Directions for this task:
Please, from the entries below, transcribe exactly the lines that begin at the line with "Nedanstående flödesschema kan" and end at the line with "Incredibly rare country", without the pictures.

Records for processing:
*** Block opens ***
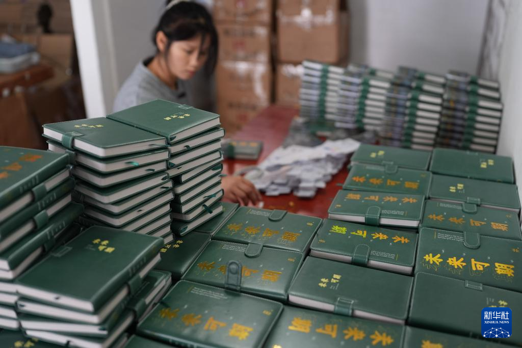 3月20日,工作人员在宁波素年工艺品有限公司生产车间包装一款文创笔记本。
*** Block closes ***
*** Block opens ***
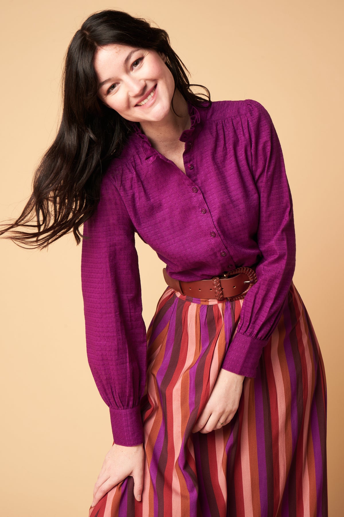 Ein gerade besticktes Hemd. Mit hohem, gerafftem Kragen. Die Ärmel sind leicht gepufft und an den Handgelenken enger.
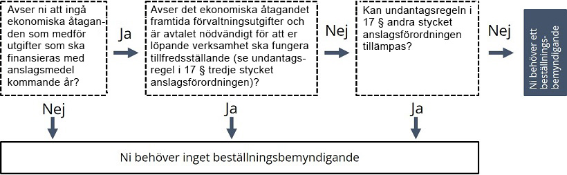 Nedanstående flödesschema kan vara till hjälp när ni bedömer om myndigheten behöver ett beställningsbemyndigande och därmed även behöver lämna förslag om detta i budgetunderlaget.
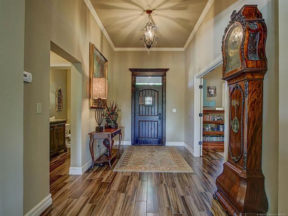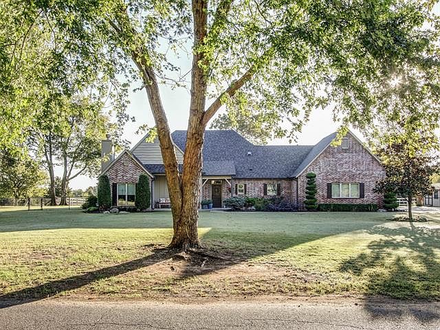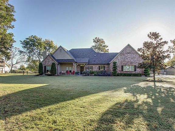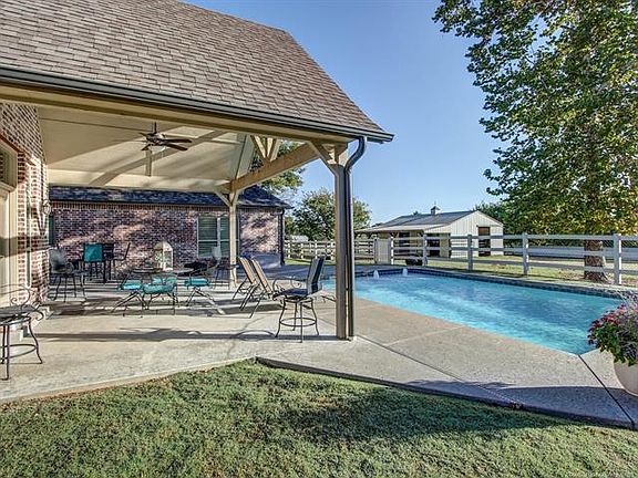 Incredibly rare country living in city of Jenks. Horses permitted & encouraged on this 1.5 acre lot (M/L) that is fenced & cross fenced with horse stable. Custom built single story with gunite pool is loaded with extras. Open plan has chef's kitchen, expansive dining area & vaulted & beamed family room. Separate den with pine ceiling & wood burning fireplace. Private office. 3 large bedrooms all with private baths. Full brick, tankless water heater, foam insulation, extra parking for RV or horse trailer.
*** Block closes ***
Output of the exercise:
 Nedanstående flödesschema kan vara till hjälp när ni bedömer om myndigheten behöver ett beställningsbemyndigande och därmed även behöver lämna förslag om detta i budgetunderlaget.
 Incredibly rare country living in city of Jenks. Horses permitted & encouraged on this 1.5 acre lot (M/L) that is fenced & cross fenced with horse stable. Custom built single story with gunite pool is loaded with extras. Open plan has chef's kitchen, expansive dining area & vaulted & beamed family room. Separate den with pine ceiling & wood burning fireplace. Private office. 3 large bedrooms all with private baths. Full brick, tankless water heater, foam insulation, extra parking for RV or horse trailer.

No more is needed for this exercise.